Speaking to Scroll.in, Majumdar explained why she did not walk away from the terrace. “At no point did I want him to think that he could get into bed with me,” she said. “But I didn’t want him to think that he had got to me or show any sign of distress or weakness.”
Journalist and author Nilanjana Roy tweeted out that she was once at a party where Surendran, who was “obviously drunk” leaned on her. “I felt a moment’s unease and discomfort because he was too close and his hands were on me, but I pushed him off and thought no more of it.” Roy said that she did not form a positive impression of Surendran because she found that he repeatedly interrupted women and was dismissive of them.
‘Lynch mob at work’
When at least six women had made their allegations public, Scroll.in asked Surendran if he would like to respond. He said the following in an email:
“I may have made what some people consider to be sexist comments. I believe sexism is an intellectual and physical reality. I choose not to think in given categories. This may be construed as arrogance. I may have put an arm around a woman at a party, never at work.
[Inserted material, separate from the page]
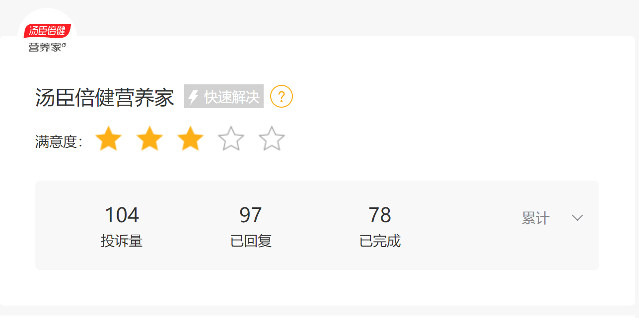 值得注意的是,据黑猫投诉平台显示,“汤臣倍健营养家”的累计投诉量为104条,已回复量为97条,已完成量为78条,满意度仅有3颗星。
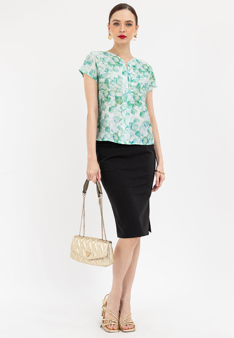 ARIA Printed Front Tab Blouse

That act of familiarity may have caused offense, which I regret, but I have never meant to give grief. I have not made obscene comments or gestures. I have not played with ‘breast shaped’ balls as alleged. I have not massaged unwilling necks and said my door is open, as alleged. Drunk, I have not chased women across gardens as alleged. I have no gender or political loyalties. I have paid a price for this all my life. I often rub people of both genders the wrong way with my often ill considered views. You have picked six women (who knows there could be more who took offense) from across 30 years, and have made a map of me as a deviant. The majoritarianism that liberals deplore in political discourse is what is at stake here. This is the lynch mob at work. I am being shamed in a Scarlet Letter-meets-The Crucible social media-produced movie. I have no power to stop this. The Me Too movement needs victims to feed and fatten itself. I won’t be the last.”
Corrections and clarifications: An earlier version of this story incorrectly said, on the basis of Surendran’s LinkedIn profile, that he worked at Open magazine from 2010 to 2012.